FIREFIGHTER Sabrina Cohen (pictured) is used to working in a male environment. But now she's also successfully taken up a male-dominated sport known as ultimate fighting, and is encouraging other women to try out mixed martial arts (MMA).

Sabrina, 21, took up the increasingly popular extreme sport about a year ago, has already clinched two titles and now intends to turn semi-professional.

MMA is a combative sport which is a combination of other fighting sports such as boxing, wrestling and karate, and bouts can take place in cages as well as rings.

Sabrina, of St Brides, is eager to counter the sport's no-holds-barred reputation.

She says: "It is important to us to encourage people to see it is really not that bad."

She recently won the first women's MMA match in Wales, and at the end of last year she also won the women's international submission grappling championship, while male members of her club in Cardiff have also notched up a number of titles.

Sabrina was involved in kick-boxing when she was asked if she was interested in this alternative form of fighting skill, and she took it up with enthusiasm.

"I love it, I can't get enough of it really.
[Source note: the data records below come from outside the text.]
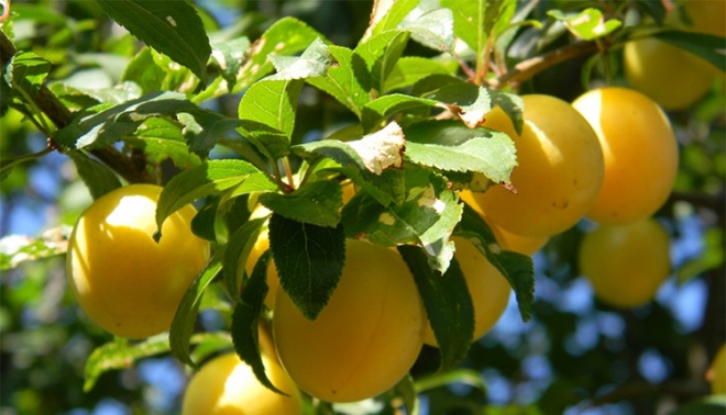 - Количеството захар и каротин в сливата е по-голямо, така че е по-сладко. В плодовете на черешовата слива има много калций и киселини.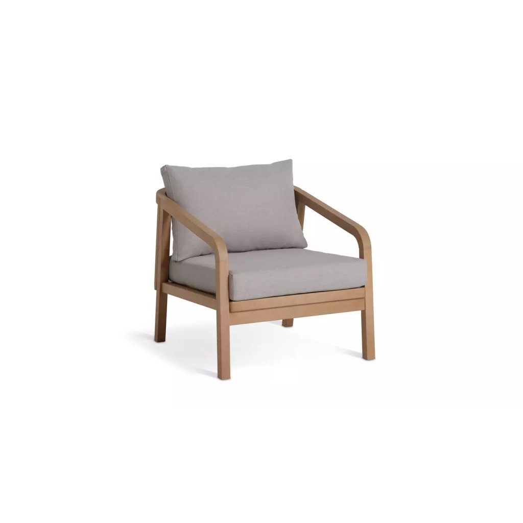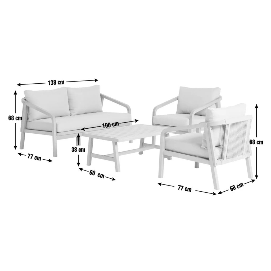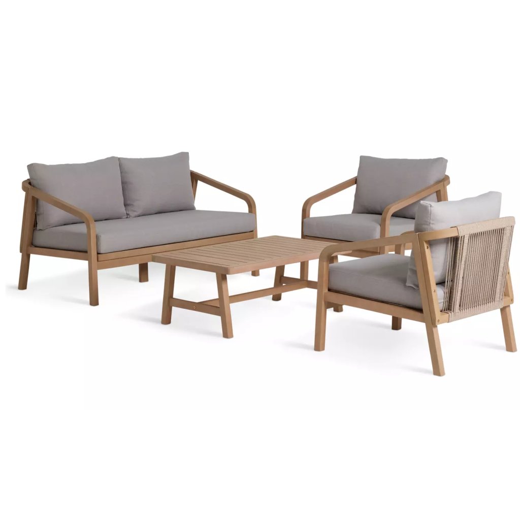 Sedenie Hania pre 4 osoby je vyrobené zo solidného dreva s jemnou teakovou dyhou a prírodnými látkami. Štýlové, jemne zakrivené podrúčky a uhlové nohy dopĺňajú dizajn. Zadné opierky sú definované prepletanou šnúrou, ktorá dotvára prémiový vzhľad, zatiaľ čo mäkké vankúše a sedáky vás pozývajú relaxovať. Set obsahuje 7 vankúšov s odnímateľnými, prateľnými a odolnými poťahmi.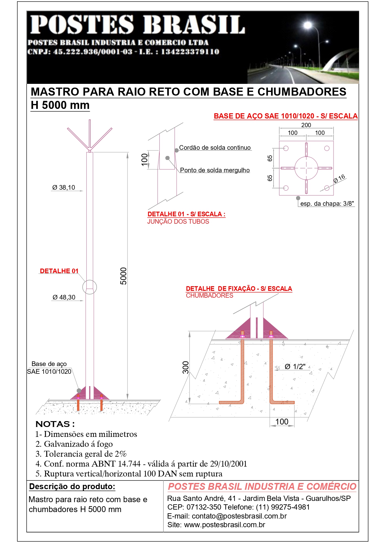 - Mastro Para Raio com Base H 5000 mm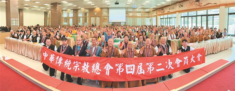 中華傳統宗教總會第四屆第二次會員大會暨第四屆第三次理監事聯席會議,25日於佛光山佛陀紀念館五觀堂舉行,主席中華傳統宗教總會總會長心保和尚(前排中),以及副總會長北港朝天宮董事長蔡咏鍀(前排左4)、指南宮主任委員高超文(前排左3)和木柵聖母宮主任委員黃承國(前排左2),監事長慈容法師(前排右4)、理事如常法師(前排右3)、祕書長陳和順(前排右2)等出席,共約670人參與。圖/佛光山佛陀紀念館提供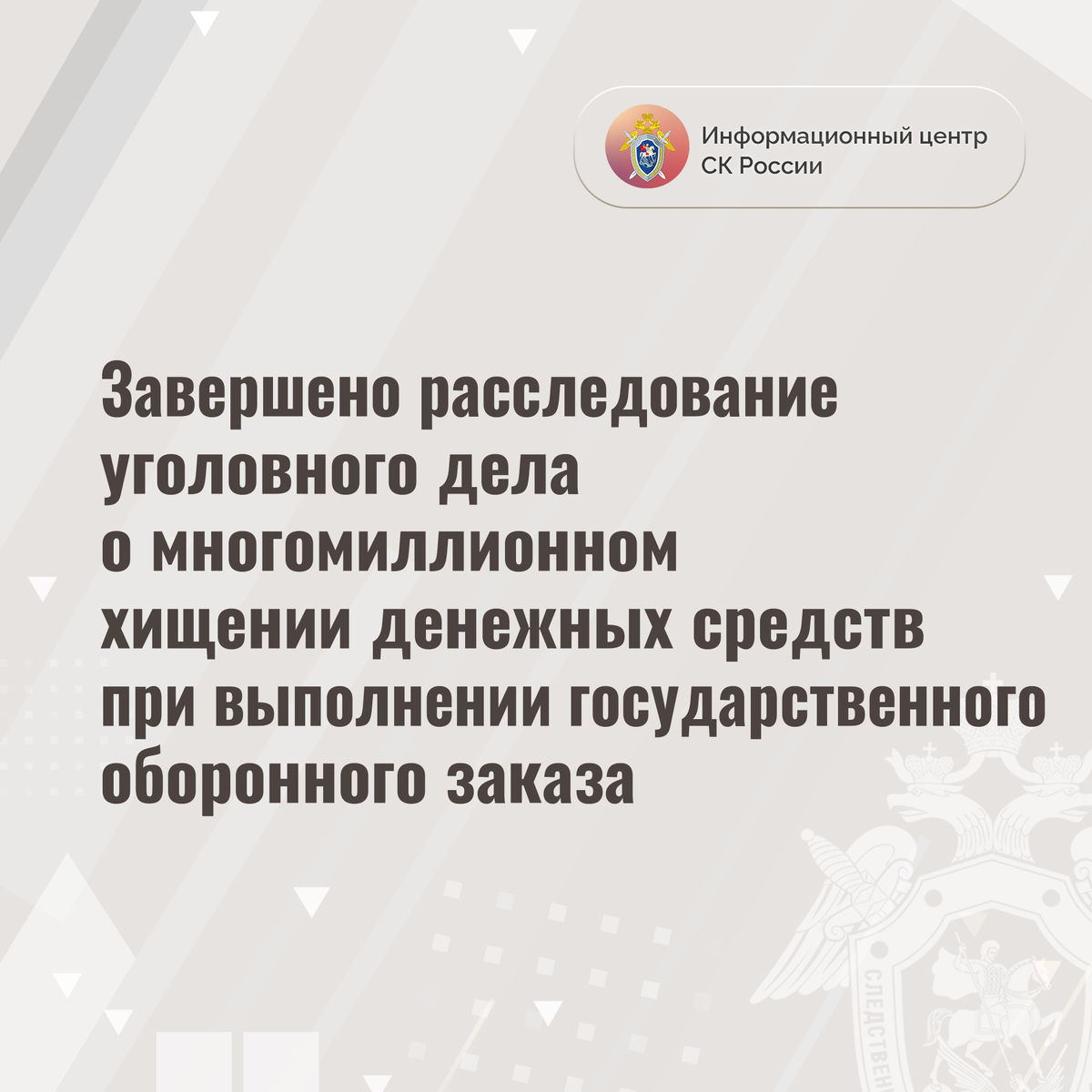 Завершено расследование уголовного дела о многомиллионном хищении денежных средств при выполнении государственного оборонного заказа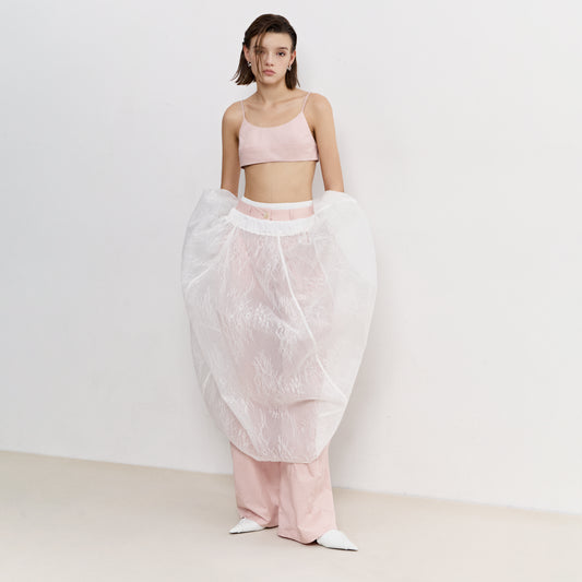 The Aster top, designed for effortless comfort and dynamic movement, pairs seamlessly with the Petal pants, which draw inspiration from the romantic curves of nature. This ensemble radiates a contemporary poetic charm, striking a delicate balance between functionality and aesthetic appeal.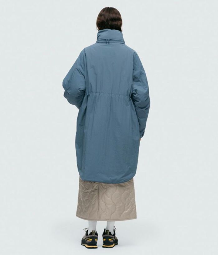 腕のベルクロワッペンもなくし、前ファスナーのスライダーをリング型にすることでミリタリー感を軽減。 袖口リブのインナーカフスが風の侵入を防ぐ。 ロゴも主張を控え、後ろ身の衿下に生地と同色でプリント。 近年の日本の気候や、レイヤードのし易さ、収納性に配慮し中綿量を調整することで、オーバーサイズながら膨らみすぎないスッキリしたシルエット。 ウエストはドローコード採用でシルエットの変更が可能。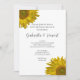 Célébrez les jeunes mariés le matin après leur cérémonie de mariage avec la jolie invitation de Petit Déjeuner de Mariage Post-Nuptial sous le Soleil Jaune. Cette invitation personnalisée simple mais élégante avec des fleurs estivales ou automnales pour le petit déjeuner ou le déjeuner après le mariage présente des tournesols jaunes ornant les coins sur fond blanc. Une inspiration parfaite pour votre réception de mariage et votre célébration en plein air en été.
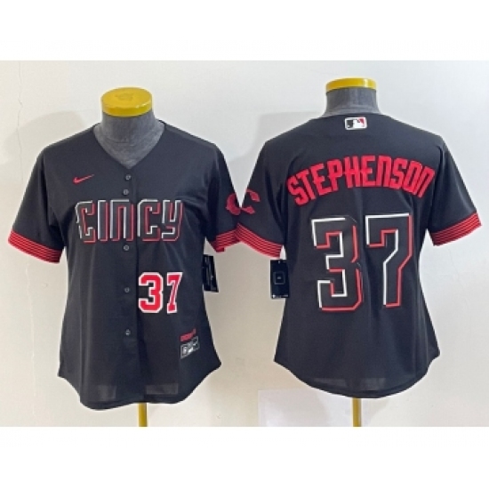 Women's Cincinnati Reds #37 Tyler Stephenson Black 2023 City Connect Cool Base Stitched Jersey1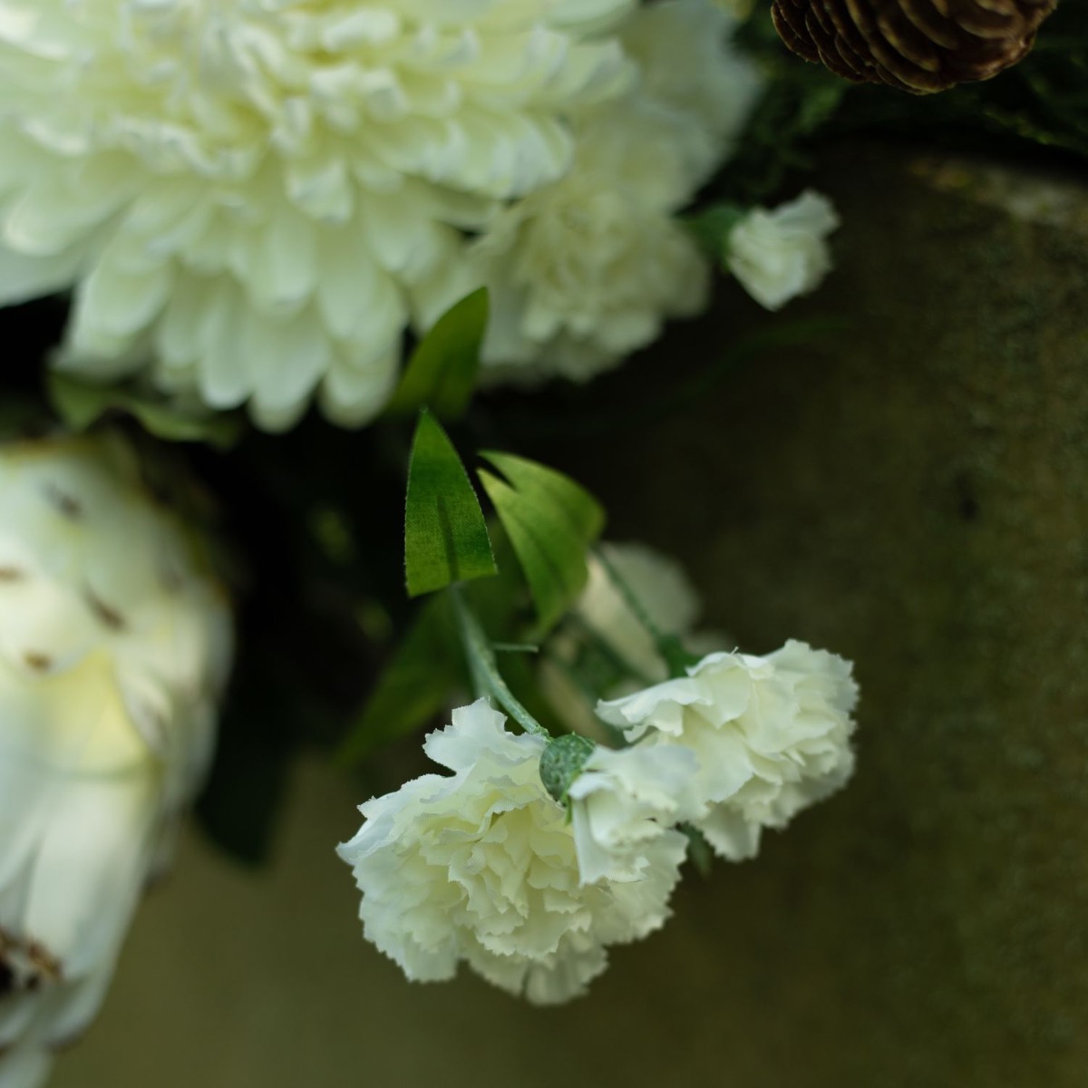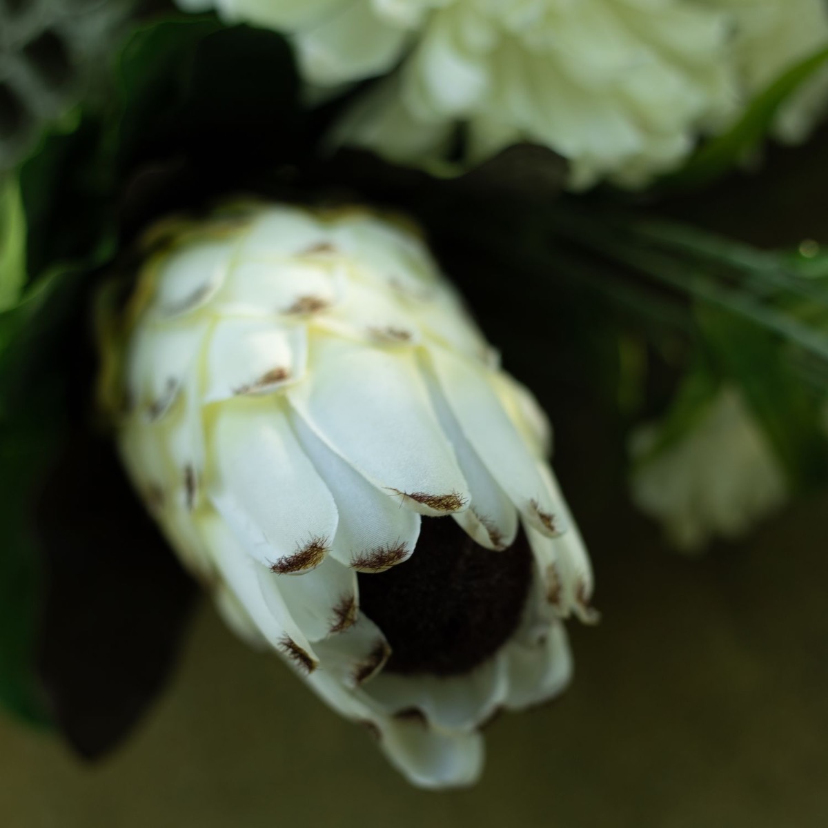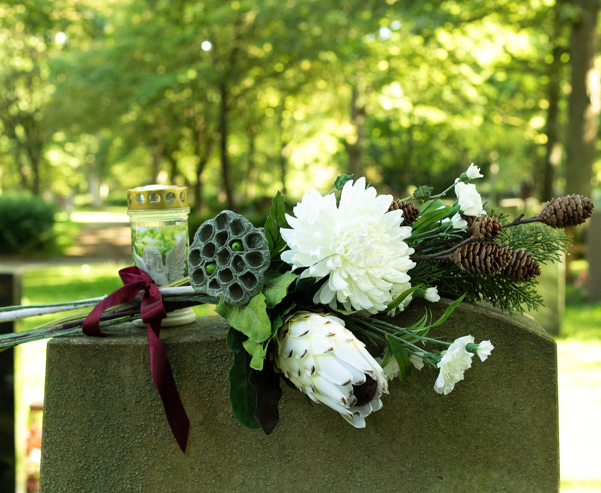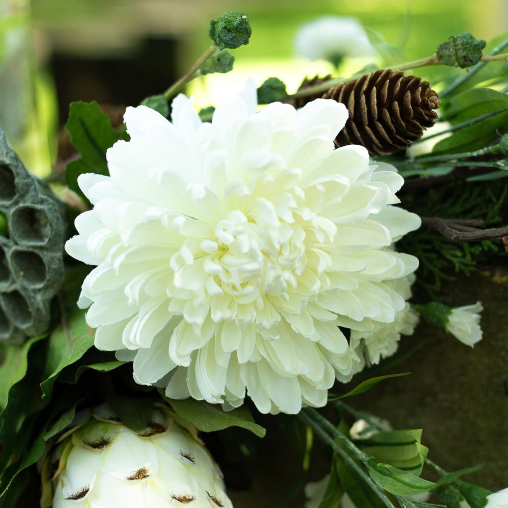 Die Farben der Trauer! Wenn man einen geliebten Menschen verliert, verändert sich das Leben bedeutsam. Was bleibt ist die Erinnerung. An Allerheiligen gedenken wir den Verstorbenen und erinnern uns an wundervolle Lebzeiten. Die Grabstätten werden gepflegt und mit neuem Blumenschmuck versehen. Da ist es doch richtig praktisch, wenn die Blumen nicht verblühen und die Grabstätte dauerhaft verschönern. Kein welken, kein gießen – und eine richtig natürliche Wirkung. Die Farbe Weiß wurde hier als Symbol der Reinheit eingesetzt und steht für die unverfälschte Liebe und Trauer. Die majestätische Protea, die weiße Chrysantheme und der Lotusfruchtstand ergeben einen außergewöhnlichen Strauß, gut genug, um einen außergewöhnlichen Menschen zu ehren. Shop the Look!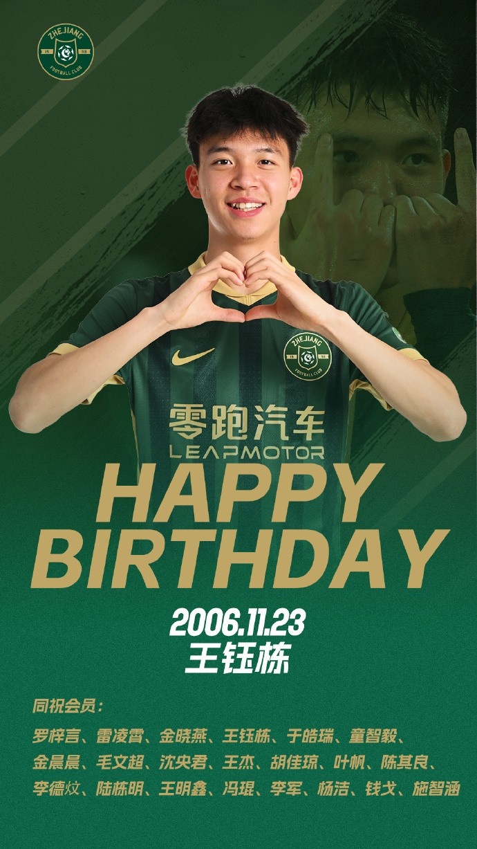 11月23日讯 今天是王钰栋19岁寿辰,浙江队官方发文送祝愿。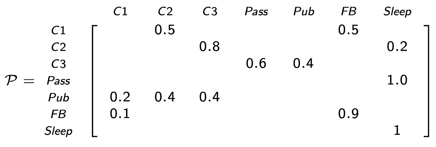 이 경우 state transition matrix $\mathcal{P}$는 다음과 같다.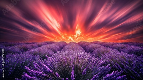 A field of lavenders bathed in the golden light of a sunset, with the sun positioned perfectly at the center, casting a warm glow on everything while soft clouds decorate the back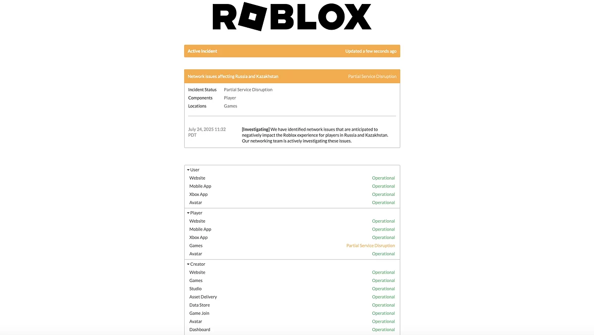 Можливо, збій виник на стороні розробників. Вивчіть стан онлайн-функцій на спеціальному сайті. Прочитайте про виниклі неполадки, про які повідомляють у верхній частині сторінки. Потім прокрутіть вниз і окремо перегляньте статус стану кожного з об'єктів, перерахованих зліва.
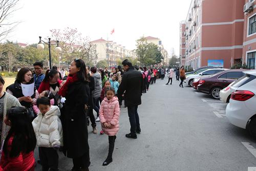 当天有合唱215位、舞蹈245位萌娃参加面试。早上8点,就有第一批家长前来等候,9点不到,青少年活动中心三号楼前就排起了长龙。考虑到孩子们小,至少有一至两位家长陪同,为了确保现场的有序和安全,中心作了充分预案。除了分时段限流,更设计了科学的路线,家长经过排队领号和孩子进入休息室,由老师分批将孩子带入候场教室,或准备视唱,或简单热身,再依次送入考场,由专家团队老师按照录取标准对每位考生进行测试,最后当场决定是否被预录取。

It is a good way to keep fit and for self-defence," she says.

Finding opponents can be a problem, however. "Not many women do this sport," she admits. "We do need more people to take part."

Sabrina says she is now looking for semi-professional fights and is planning to take part in the Grapple and Strike Professional Show due to take place in Ebbw Vale on May 21.

This will be followed by the first all-female tournament being held in Hartlepool in August.

Last year the adventurous New Inn-based firefighter, who joined the fire service when she was 18, went on a fact-finding mission to South Africa and North America.

She was chosen from nearly 1,000 competitors who applied to the Winston Churchill Memorial Trust for a travelling fellowship, which she used to do a comparative study of attacks on firefighters around the world.